══ PROVIDED DATA
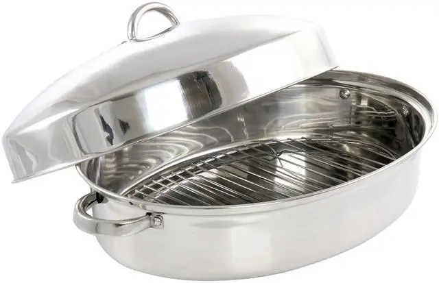 Gibson Home Hutchinson 18 Inch Oval Stainless Steel Roaster with Rack
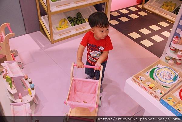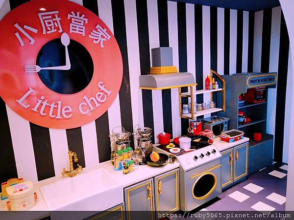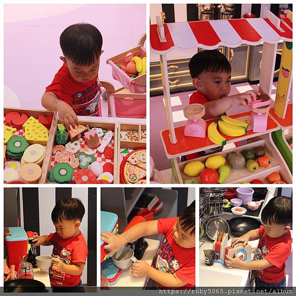 小可樂超級愛玩家家酒遊戲,到了這區完全的瘋狂!每一樣都想摸一摸玩一玩的,小小廚師非他莫屬了!
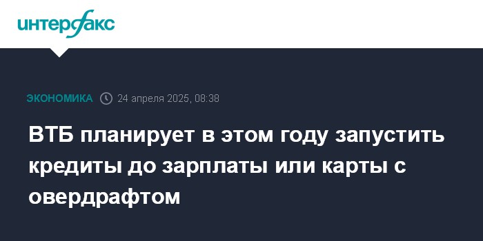 Москва. 24 апреля. INTERFAX.RU - ВТБ может в 2025 году запустить сервис кредитов до зарплаты или карты с овердрафтом, рассказал журналистам зампред правления банка Георгий Горшков.
════
Line by line, write out the material exactly, leaving the images out.

# RESPONSE FOR THIS EXERCISE
 Gibson Home Hutchinson 18 Inch Oval Stainless Steel Roaster with Rack
 小可樂超級愛玩家家酒遊戲,到了這區完全的瘋狂!每一樣都想摸一摸玩一玩的,小小廚師非他莫屬了!
 Москва. 24 апреля. INTERFAX.RU - ВТБ может в 2025 году запустить сервис кредитов до зарплаты или карты с овердрафтом, рассказал журналистам зампред правления банка Георгий Горшков.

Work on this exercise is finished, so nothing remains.